# adopting a wild horse...



## horsey*kisses (May 12, 2008)

i read about this program that adopts out wild horses, and i was like 'wow, that sounds interesting' so i was looking it up and the more i end up reading about it the more i want to try it...lol...maybe im crazy but it sounds really rewarding, i mean i've never trained a horse from scratch, i've had to start over and 'install' so to speak, new habits, but i've never trained actually started one, but that somehow doesnt bother me...hmmm...i dont think i have fallen off my horse so i think im thinking straight...
what do you guys think?
i've been told i have 'a way with animals' and im pretty sensible i can pretty much do anything i want to with my horse now...but he's started so...i dont know...and i've never done anything (with horses) that was wreckless and stupid unless i knew i would be ok, i've taken chances but not unless i was over 50% sure i wouldnt get bucked off...
i think im talking in circles lol 
anyway, has anyone adopted a wild horse? how did it go? do you still have that horse? i have and urge to ask if it was easy but i know the answer to that is no...
if you have never adopted a wild horse, what are your thoughts about it?
thanks guys!!! i know im a little hard to understand when i get confused or frustrated beacuse i type weird, my thoughts are jumping around up there like jellybeans lol
*throws double chocolate chip cookie if you read this far and intend to post lol*


----------



## Solon (May 11, 2008)

I think starting out with a wild horse isn't a good idea if you don't have a lot of training experience. They can be very difficult to initially train. We got several from the BLM herd and each was different and none for a person without a lot of experience.
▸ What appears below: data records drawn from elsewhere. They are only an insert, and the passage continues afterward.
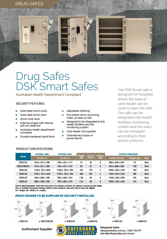 - The DSK Smart safe is designed for hospitals where the ease of a card reader can be used to open the safe.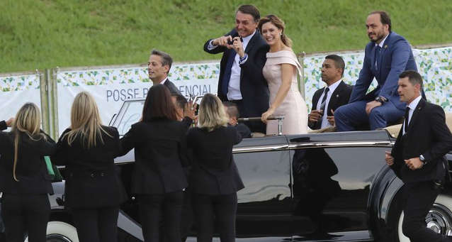 Bolsonaro e a mulher deixaram o Congresso aos gritos do público de “capitão chegou”. Eles fizeram novo desfile em carro aberto até o Palácio do Planalto. Lá, o casal junto com o vice Hamilton Mourão e a esposa subiram a rampa do Planalto, onde foram recebidos por Michel Temer e Marcela Temer.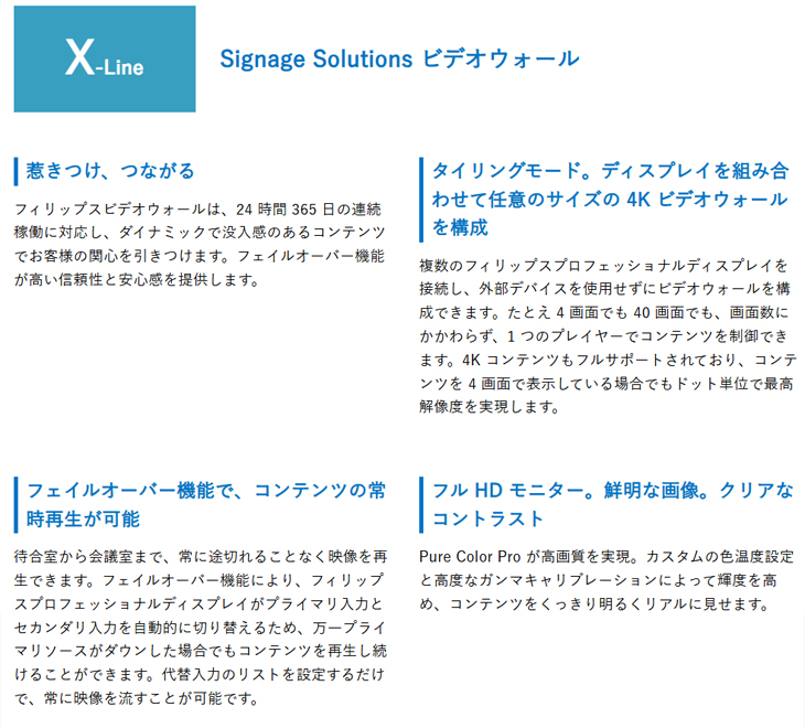 Philips デジタルサイネージ X-Line ビデオウォール500カンデラ 55インチ ベゼル幅1.8mm【3305X】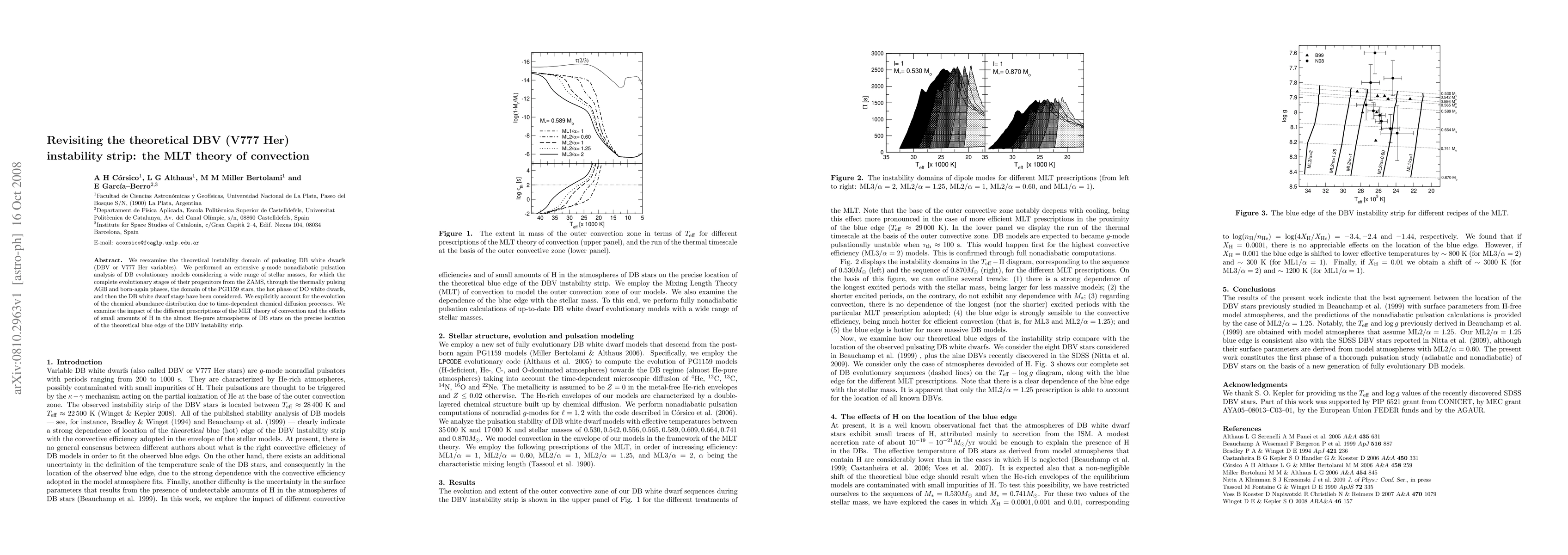 This paper revisits the theoretical DBV instability strip for pulsating DB white dwarfs, analyzing the impact of various MLT convection theory prescriptions and small amounts of hydrogen on the strip's blue edge, alongside detailed evolutionary models considering chemical diffusion.

They are wonderful horses though. Maybe you can get some experience working with horses from scratch and go from there.


----------



## free_sprtd (Oct 18, 2007)

I agree with the above post 100%. I didnt have any training experience when I bought my gelding, and i thought...eh i could read it in books and maybe find someone to help me. no it's a long tough frustrating road. i would suggest gaining a bit more experience in the training field before trying to gentle a stang. good luck and best wishes.


----------



## horsey*kisses (May 12, 2008)

yeah i totally agree with you guys that its probably too much for little me with no experiance..but where would i get the experiance?? all the horses around here are started and almost fully trained, i know a few people who could help but they have just about the same experiance as i do so that would be kind of...like trying to find a wooden needle in a haystack... :roll: 
i've been around untrained horses and rode a colt for his third time, but it was a short ride and i didnt even know until i got off like an hour later lol 
well thanks for the hasty replies!! lol


----------



## free_sprtd (Oct 18, 2007)

i would think about it a bit more and do some more research. im not trying to discourage you, just that ive been there done that, except that my mustang was domestic bred with parents off the range. i sometimes wish i would have waited but then again, i love the experiences ive had with him. but as far as "gentling" a true untouched wild one.....i don't even know where i would begin.


----------



## horsey*kisses (May 12, 2008)

yea im definatly going to do some more digging before i make any decision at all,



free_sprtd said:


> i sometimes wish i would have waited but then again, i love the experiences ive had with him.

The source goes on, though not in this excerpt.